- **The problem**
Your copy of the data should match it exactly, except that the pictures are gone.

Records from a collection:

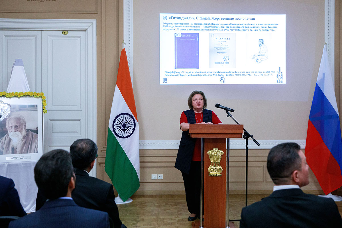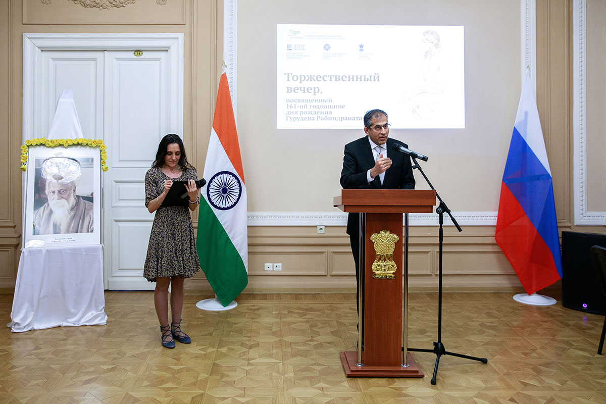 «Я рад, что в Российской государственной библиотеке хранится очень богатая коллекция изданий Рабиндраната Тагора. Он человек одарённый, оказавший влияние на людей по всему миру. И в России его знают давно: переводы до революции редактировал Иван Бунин, а в тридцатые годы ими занимались Борис Пастернак и Анна Ахматова», — отметил в своём приветственном слове Полномочный Посол Республики Индия в России Паван Капур.
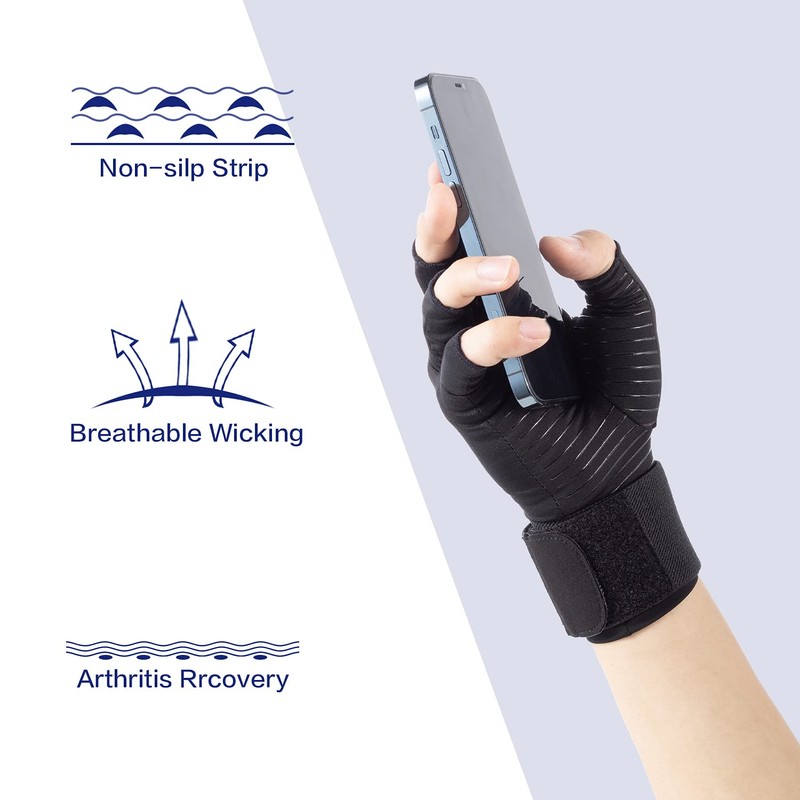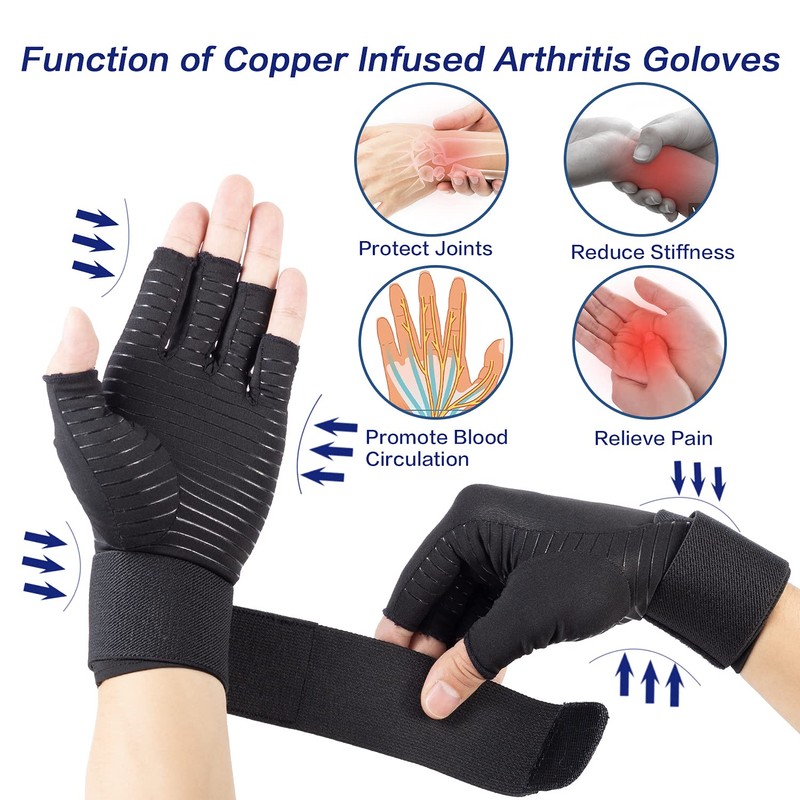 Copper Compression Arthritis Gloves with Adjustable Strap, Best Hand Wrist Su...
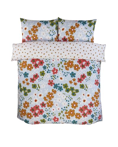 Rapport Home Betty Kingsize Duvet Cover Set – Vintage-Inspired Bedding with Vibrant Daisy Motif, Multicoloured Design & Polka Dot Reverse, Soft & Easy Care
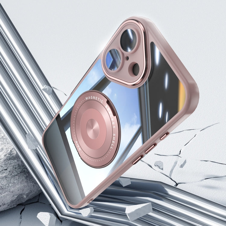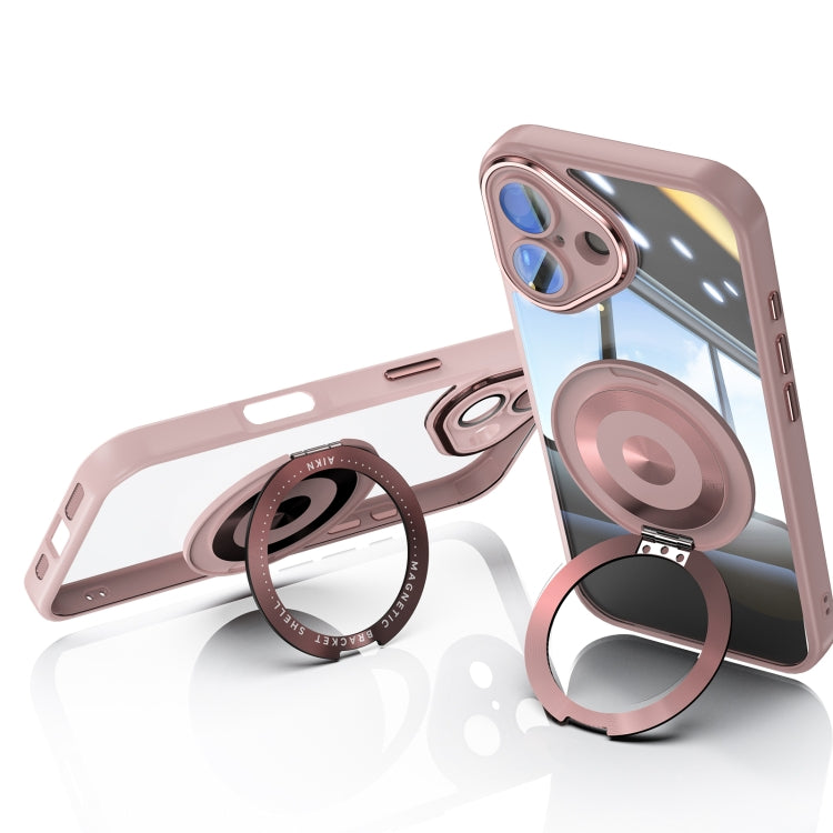 For iPhone 16 Plus 360 Holder Magsafe Acrylic Hybrid TPU Phone Case(Pink)
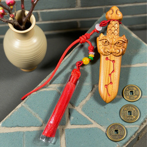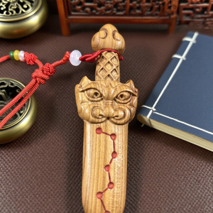 桃木虎头剑桃木剑真桃木小挂件双面七星剑文玩随身手把件饰品批发
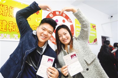 2月14日是西方情人节,众多新人选择在这一天办理结婚登记手续。
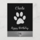 Carte Postale Paw Chien Argent sur arrière - plan noir
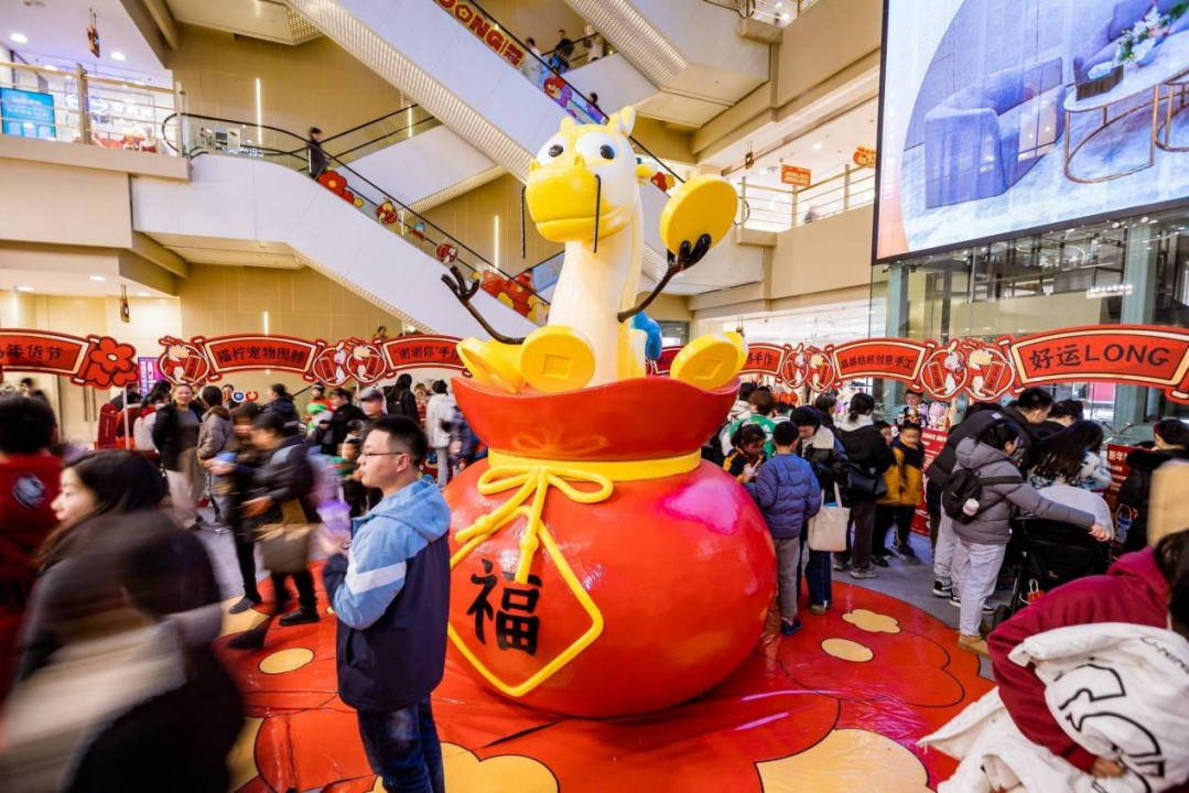 各百貨商場、購物中心、奧萊、免稅店紛紛圍繞春節(jié)主題,營造節(jié)日氛圍、強化節(jié)日體驗,促進節(jié)日消費,廣泛開展購物季、春節(jié)送福、龍年快閃店、主題巡游、直播帶貨等形式豐富的線上線下活動。

- **Task output**
 «Я рад, что в Российской государственной библиотеке хранится очень богатая коллекция изданий Рабиндраната Тагора. Он человек одарённый, оказавший влияние на людей по всему миру. И в России его знают давно: переводы до революции редактировал Иван Бунин, а в тридцатые годы ими занимались Борис Пастернак и Анна Ахматова», — отметил в своём приветственном слове Полномочный Посол Республики Индия в России Паван Капур.
 Copper Compression Arthritis Gloves with Adjustable Strap, Best Hand Wrist Su...
 Rapport Home Betty Kingsize Duvet Cover Set – Vintage-Inspired Bedding with Vibrant Daisy Motif, Multicoloured Design & Polka Dot Reverse, Soft & Easy Care
 For iPhone 16 Plus 360 Holder Magsafe Acrylic Hybrid TPU Phone Case(Pink)
 桃木虎头剑桃木剑真桃木小挂件双面七星剑文玩随身手把件饰品批发
 2月14日是西方情人节,众多新人选择在这一天办理结婚登记手续。
 Carte Postale Paw Chien Argent sur arrière - plan noir
 各百貨商場、購物中心、奧萊、免稅店紛紛圍繞春節(jié)主題,營造節(jié)日氛圍、強化節(jié)日體驗,促進節(jié)日消費,廣泛開展購物季、春節(jié)送福、龍年快閃店、主題巡游、直播帶貨等形式豐富的線上線下活動。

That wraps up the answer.